JL: Something that I think is very important that other sites have ignored is the college demographic. I'm approaching this as being a college student who loves fantasy sports and knows that there is a validated market out there of college students who love fantasy sports. So I established a campus-representative program that incentivizes individual college students to not only play on Draftpot but to also get their friends to play on Draftpot. That has been successful. Last spring, when we had our initial prototype up, to get the word out we used college students and we acquired users very quickly.
"The thing we've done really well at Draftpot is to fundamentally differentiate the product to give consumers reasons to play on our platform."

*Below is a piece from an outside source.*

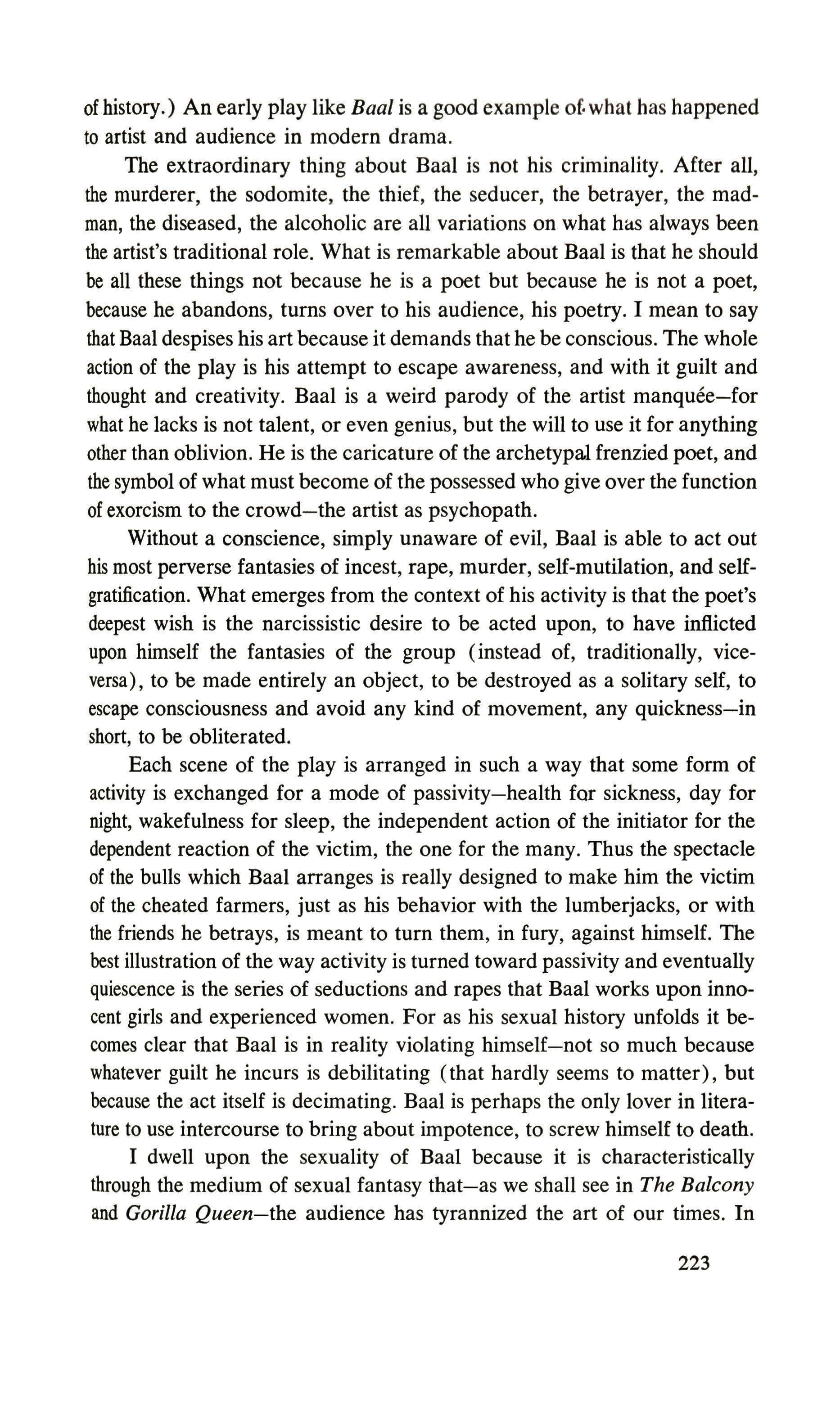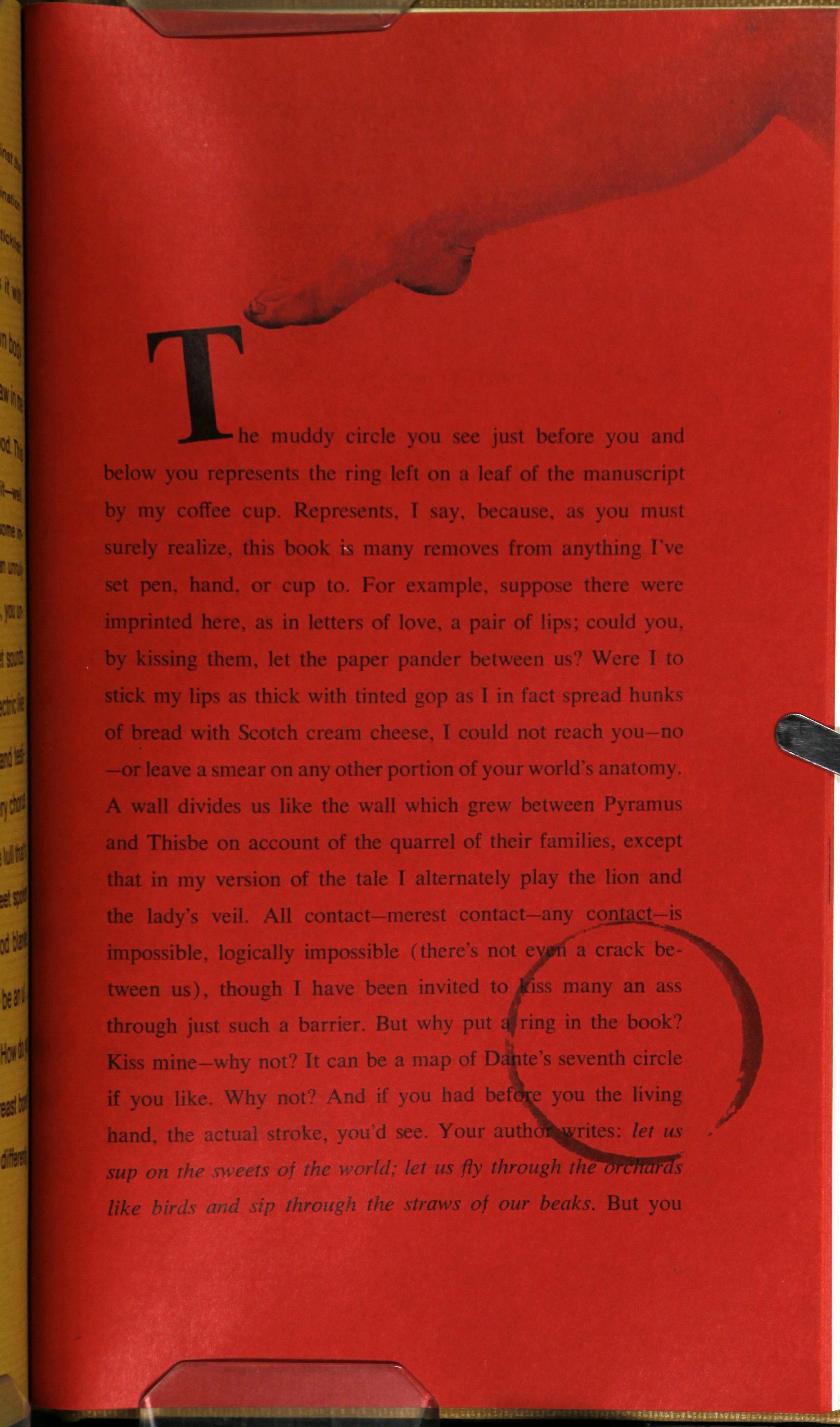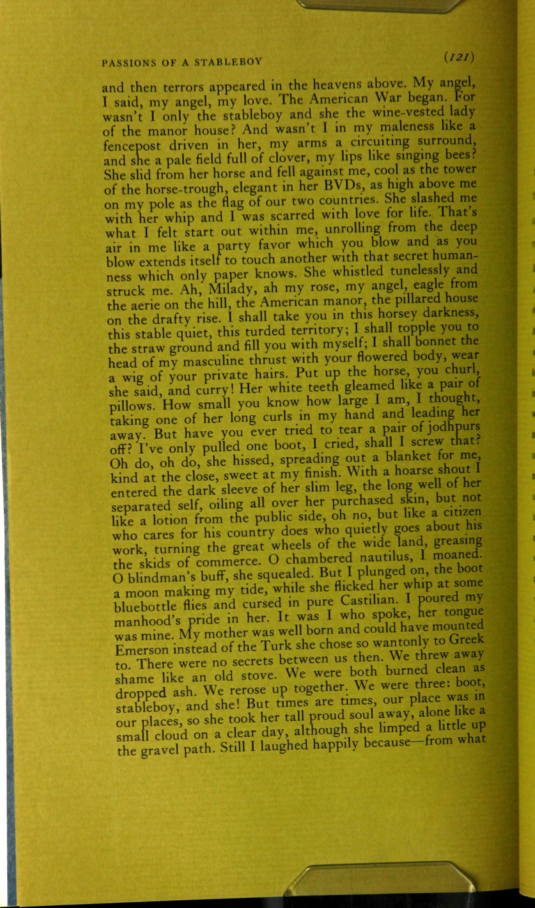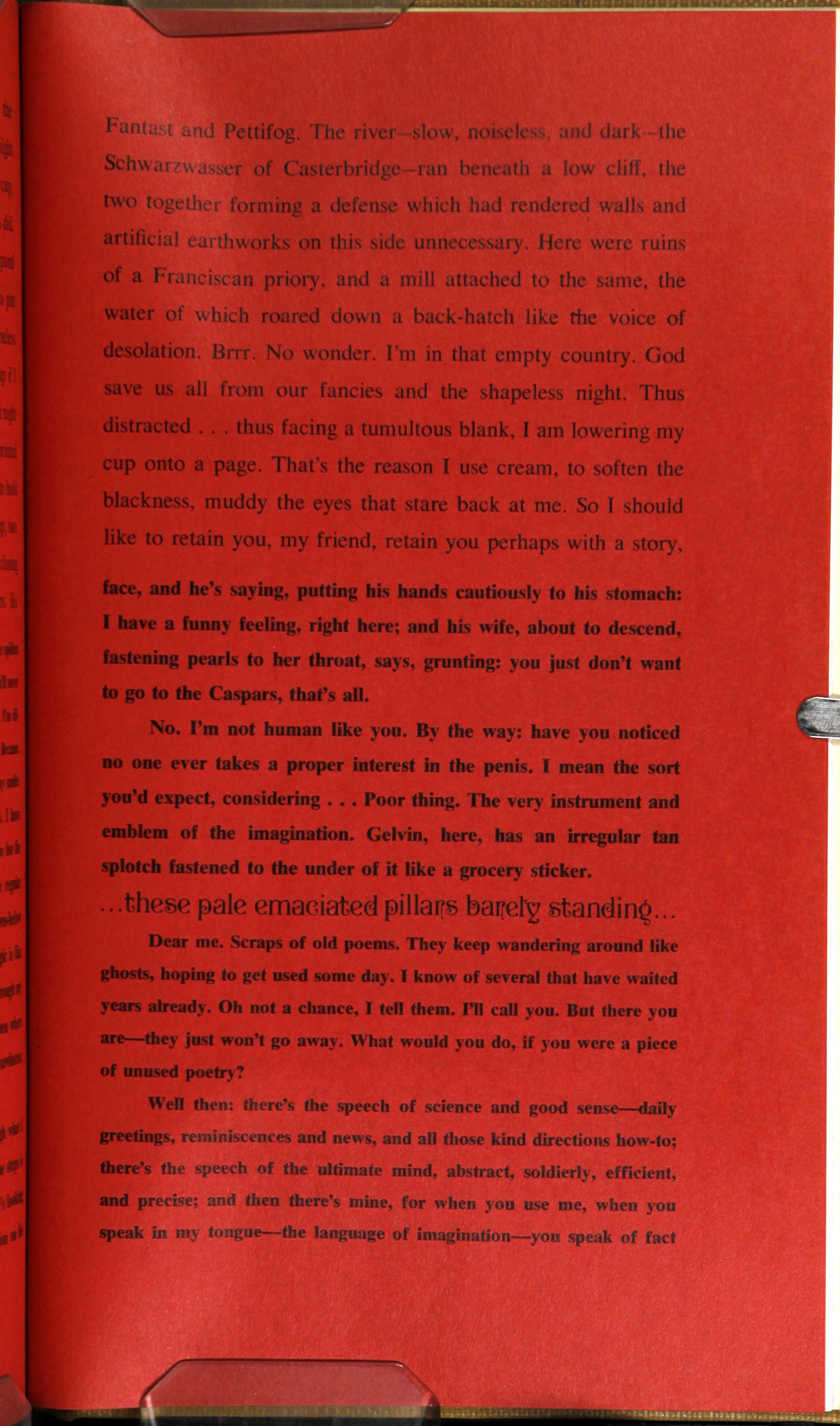 I am that lady language chose to make her playhouse of, and if you do not like me, if you find me dewlapped, scabby, wrinkled, old (and I've admittedly as many pages as my age), well sir, I'm not, like you, a loud rude noise and fart upon the town. But let's not quarrel. Though you'll not be back, your brother will. Tell him he is responsible for me, and that I give as good as I receive. If he will be attentive, thoughtful, warm and kind, I shall be passionate and beautiful. He should prepare to leave particularities behind, abandon envelopes and photos, trophies of all kinds, the ringing silver voice in which the tinny actor hides, his contraceptive sacks, his dirty pipes, his damn bow-ties; for I shall be quite singular enough to suit sly John the Scot himself, that canny philosopher who taught that Truth, though One, was irridescent as a plash of oil, and varied endlessly from spot to spot; John Scot, the wise, you may remember, who was murdered by his students, so the story goes, at the Abbey Malmesbury, with their pens; why, I can't imagine, for it was he who, dying of his pen wounds, said: how close, in the end, is a cunt to a concept we enter both with joy.

NYSJ: When you look at DraftKings and FanDuel, which have alliances with leagues, teams, players and media outlets, do you see Draftpot needing or wanting to go that route in order to grow?
JL: Eventually we would like to. Obviously, it takes a pretty substantial amount of resources to be able to engage in that. With that said, we don't need to do that right now. The way the Web and social media is set up, you don't need to spend absurd amounts of money to reach out to people. We're very confident that we can develop a very large, active user-base of active cash depositors without having to tell people that we are the official partner of a specific league or team.
NYSJ: What about marketing and the amount of money being spent by DraftKings and FanDuel?
JL: If you have the cash to do it, it's a good idea. There are good things that come out of those relationships. FanDuel and DrafKings, right now, have been so successful that they can focus not just on acquisition but on branding. And for branding efforts, it's important to align yourself with reputable partners. We are doing the same thing on a digital level. But we really are in acquisition mode now because not a lot of people at this point know about Draftpot. But because of the capital we've recently raised, and our strategy in general, a lot of people will know about Draftpot. So we don't necessarily have to spend hundreds of thousands of dollars on particular sponsorship or marketing deals.
NYSJ: What are your feelings about those who link DFS with gambling?
JL: (Laughs.) Most of the people who seem to bring it up are in the media. It is a very interesting question. The Unlawful Internet Gambling Enforcement Act (of 2006) specifically exempts fantasy sports from being prohibited because it is considered to be a game of skill. I feel that it's undoubtedly true. That may be a biased position because I'm a DFS operator. But it's very clear based on looking at particular users who consistently win because they have skill. Their skill level is just better than a lot of other players. Fantasy sports is like anything else: If you put in the time and effort and research everything, you can win a lot of money. It is a game of skill. In traditional sports betting, there are a lot of times where you are picking one team. But in fantasy sports, you have to pick ten players out of a pool of a thousand or so players on a given night, you need to consider all of those player match-ups, team match-ups, weather conditions and everything else that goes into that.
NYSJ: With the differentiation points you've talked about, even with what seems like a saturation in the DFS category, how confident are you that Draftpot will grow and become a major player?
JL: There are a lot of people who play fantasy sports and a lot more coming in. And there are a lot of companies trying to gain traction in the market. But the thing we've done really well at Draftpot is to fundamentally differentiate the product to give consumers reasons to play on our platform. We don't have a salary-cap format. We offer eSports. We are very user-friendly. Providing consumers with options is important. There are some 57 million people who play fantasy sports and that number is growing, so I definitely see Draftpot as growing and continuing to grow for a long time.